"I do."
There was a pause, of a moment or two, and then Richard said--
"What a fool I should be, Emmeline--a greater fool than I am, and that is bad enough--if I suffered my wits to be set wool-gathering by any nonsense about ever marrying you, or putting Smeaton out of your head. But still, Emmy," he continued, in a tender tone, "you will love me after a sort--as you always have--as a kind friend--as a sister."
"Indeed I will, Richard," exclaimed Emmeline, earnestly, "and love you all the better for your conduct this day. Now I know what you mean by setting the eagle free; you would fain set Smeaton free of all difficulties, if you could."
"No, dear Emmy," pursued Richard; "I did not exactly mean that. Indeed I do not clearly know that I meant anything; but, as I rode homeward, and thought how happy you might be if people left you to do just what you liked, I wished to help you to do so--to make you quite free; and then, when saw the poor eagle in the court, I thought how happy he would be if he could soar away in the skies again at his own pleasure, and then the thought came across me of what my father would say if I unchained the bird's leg, and I answered myself, that I had a right--that the bird was mine--that he had been given to me, and so had you; and, therefore, I determined to set you both free.
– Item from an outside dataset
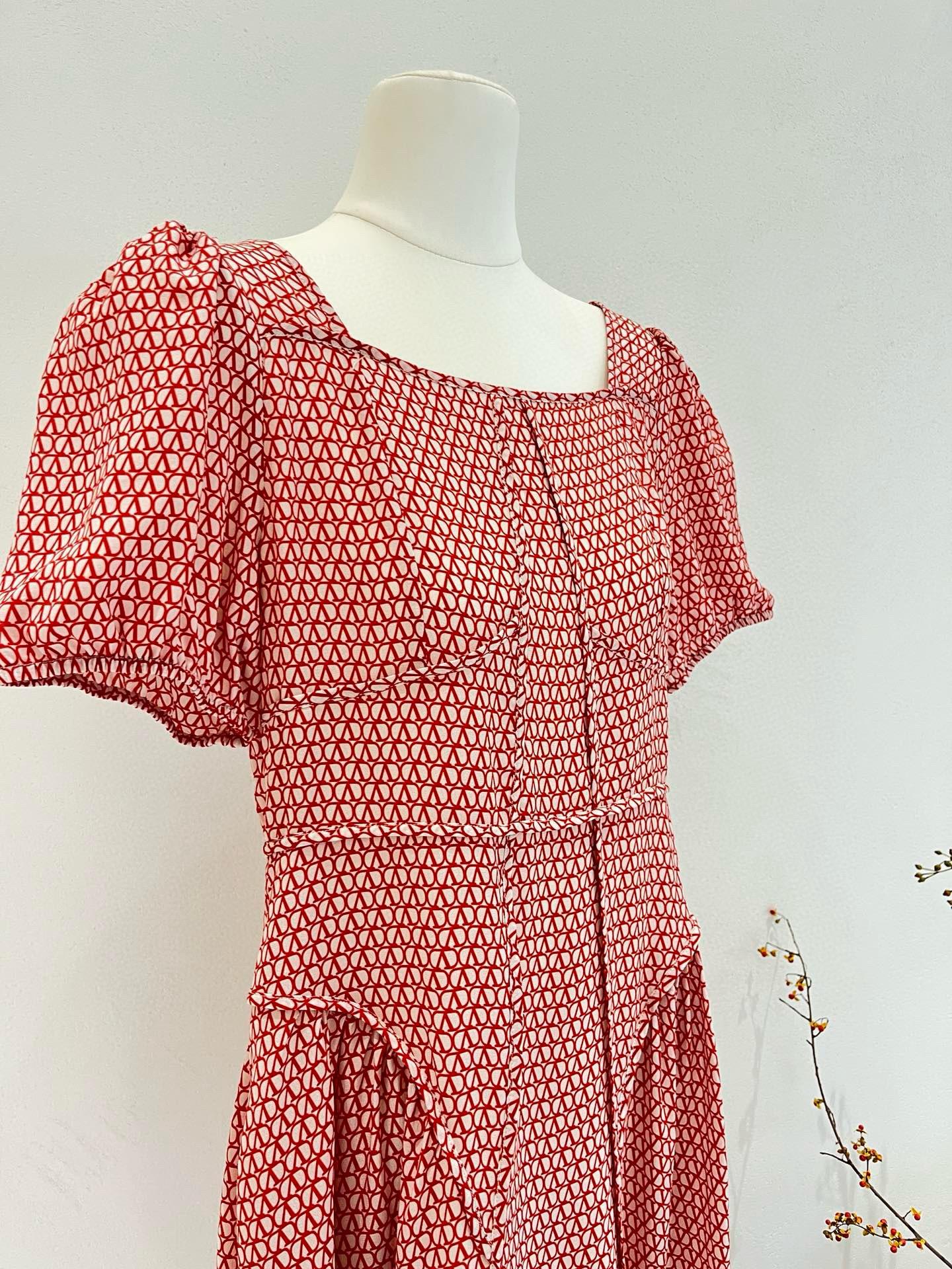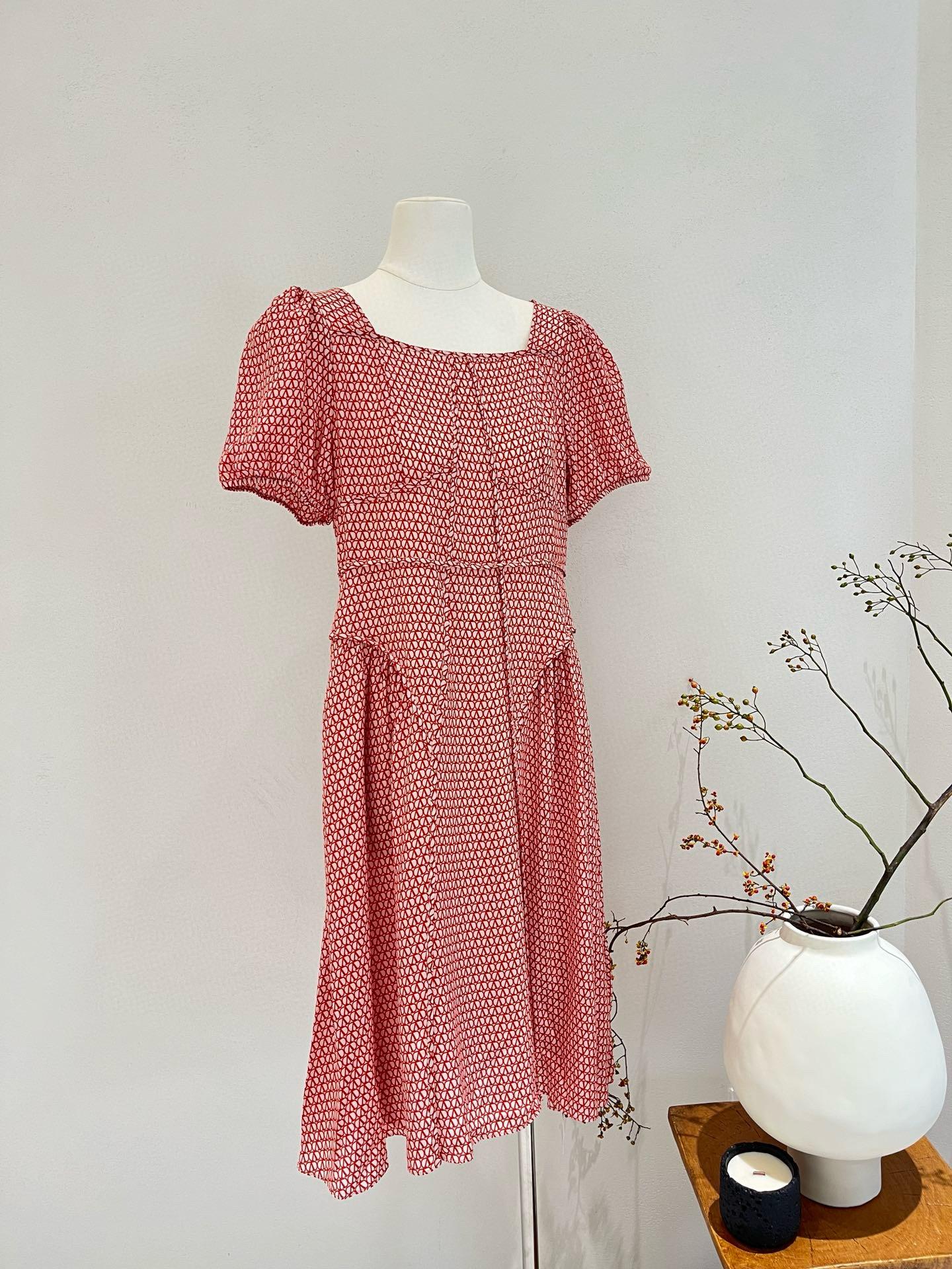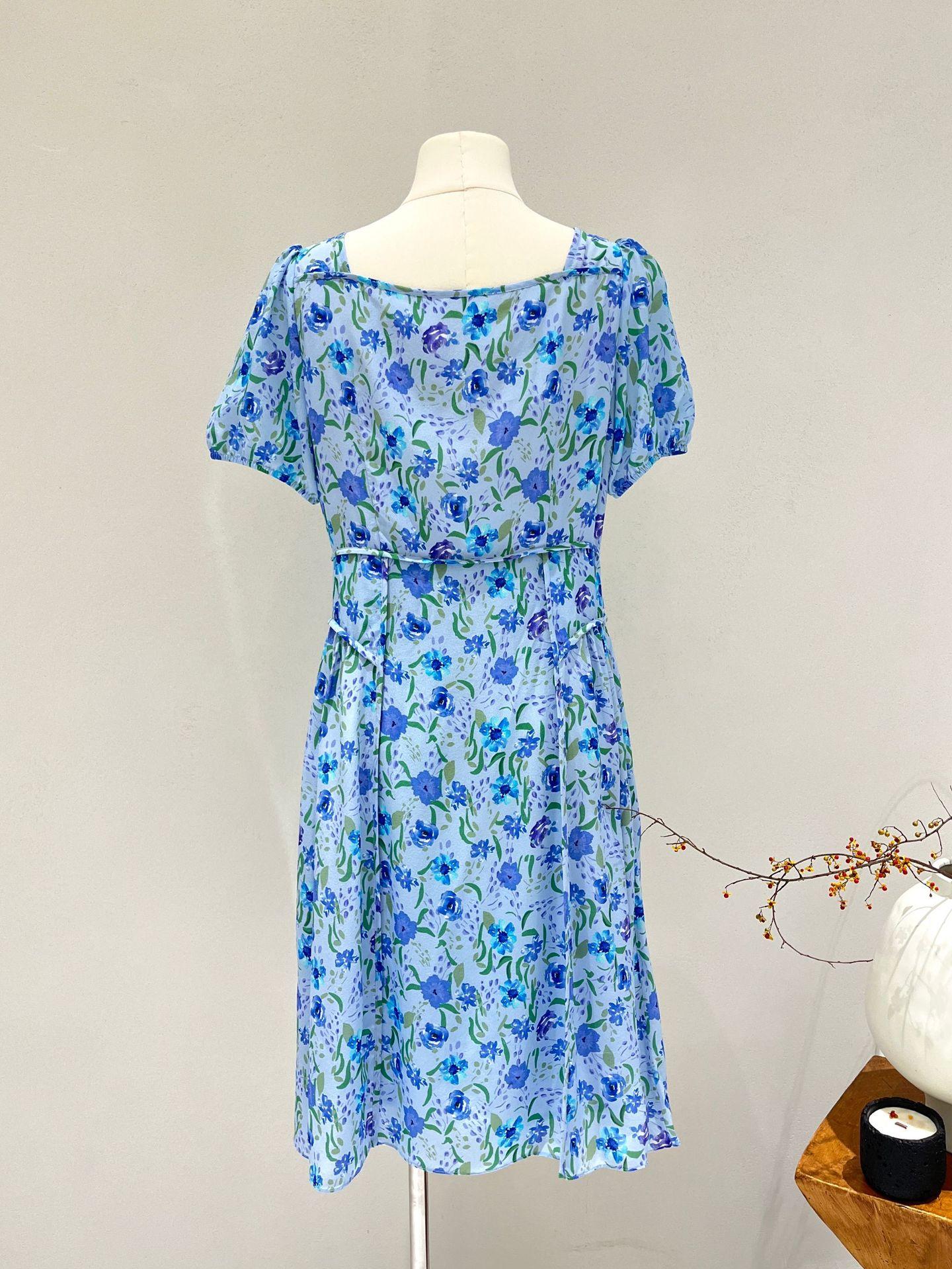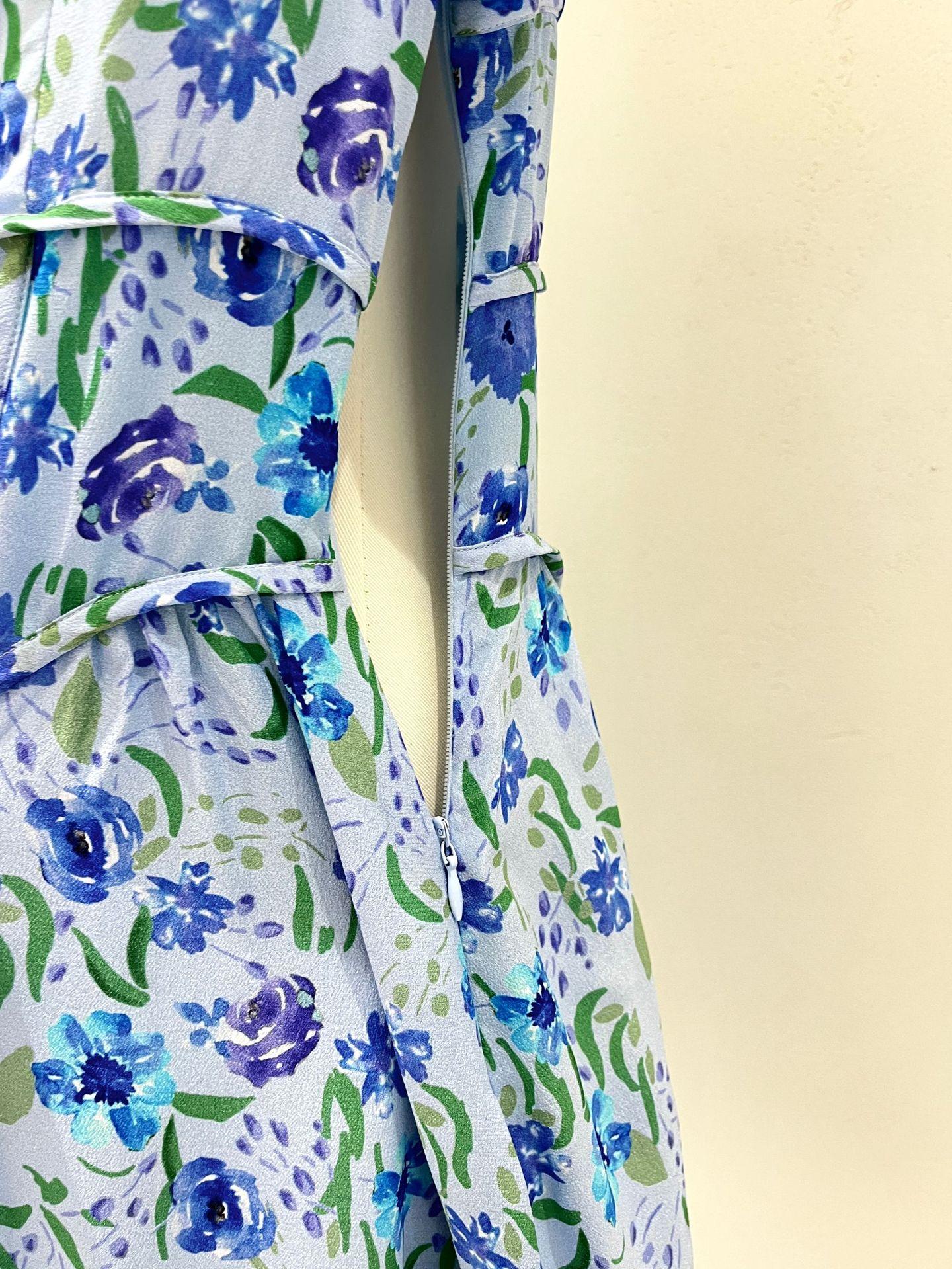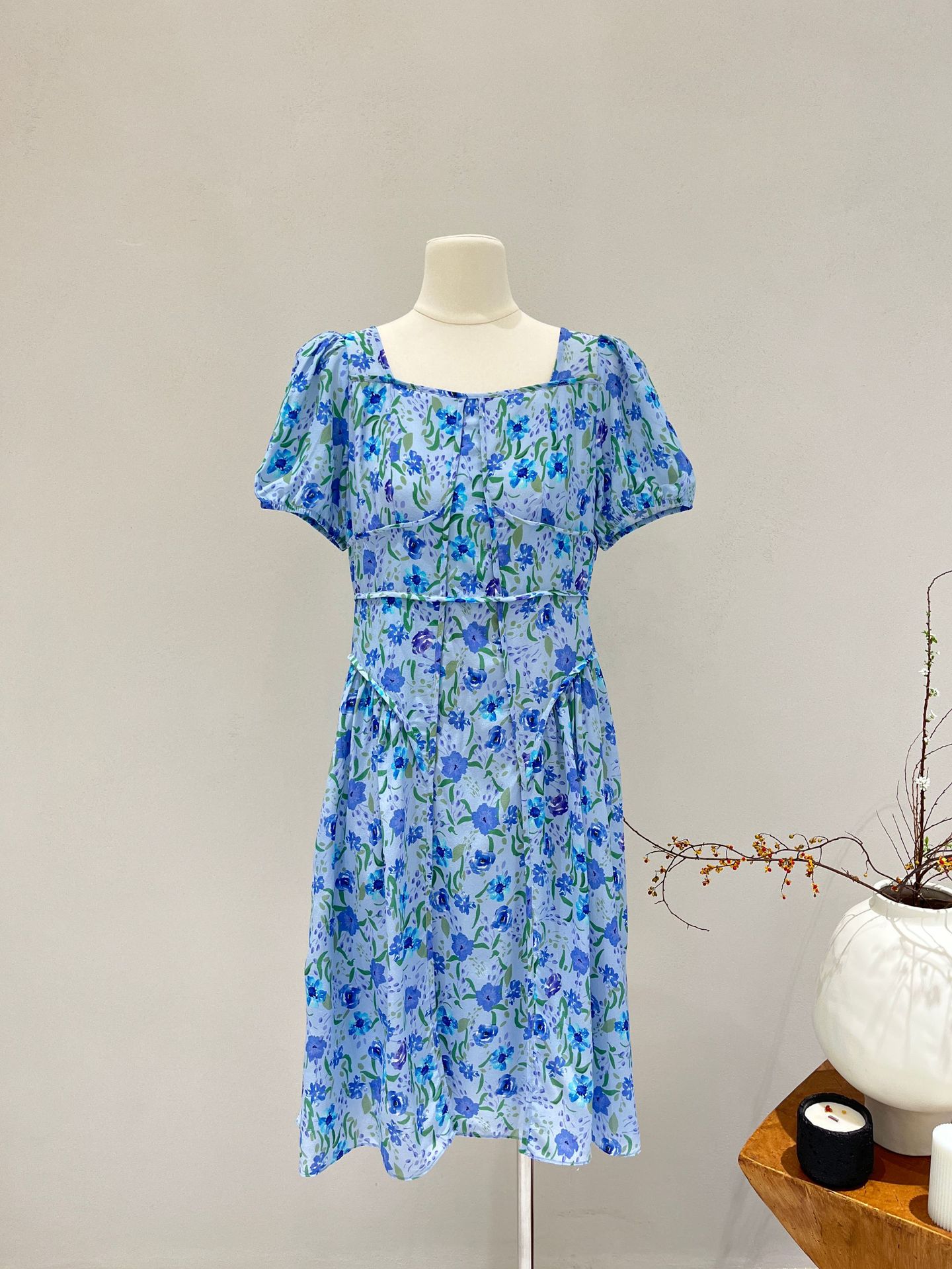 Vestido de seda de manga corta para mujer primavera y verano 2025 nuevo joven estampado cuello cuadrado 100% seda de morera falda

I do not know how it was; but, somehow, there seemed a likeness between your fate and his; though when he fluttered his wings, and struck at me, as I unchained him, I said to myself, Emmeline will know better, and so she does."
"Indeed she does, Richard," replied Emmeline; "and she will never mistake you for an enemy."
"But do you know, Emmeline," continued her cousin, "that I have a strange notion it would be better for us both to dissemble a little? for I fancy my father has some suspicion about you and Smeaton."
"I fear I am a bad dissembler," returned Emmeline, incautiously. "I cannot but dread that Sir John sees I have been dissembling with him lately."
Richard, however, did not ask in what respect, but rambled on as usual.
"Oh, we all dissemble more than we are aware," he said. "Here, I never thought to deceive my father in anything; and yet, for some reason--either from something in himself or in me--I never can tell him all I think. I never can turn my heart inside out before him, as I can with you. When I should most wish to say all, and make him understand everything that is going on inside of me, some devil, I think it is, comes and stops me, and makes me go rambling away with vague answers about nothing at all, which he may take one way or another, just as he likes. But what I mean is, not that we should just exactly dissemble; for, as you love me well, and I love you well, it is not dissembling to seem to do so. I would only have you look happy when I am with you, and I'll try to make you so too; for I'll talk to you of Smeaton, and we'll plan plans and plot plots about him, and all sorts of pleasant things."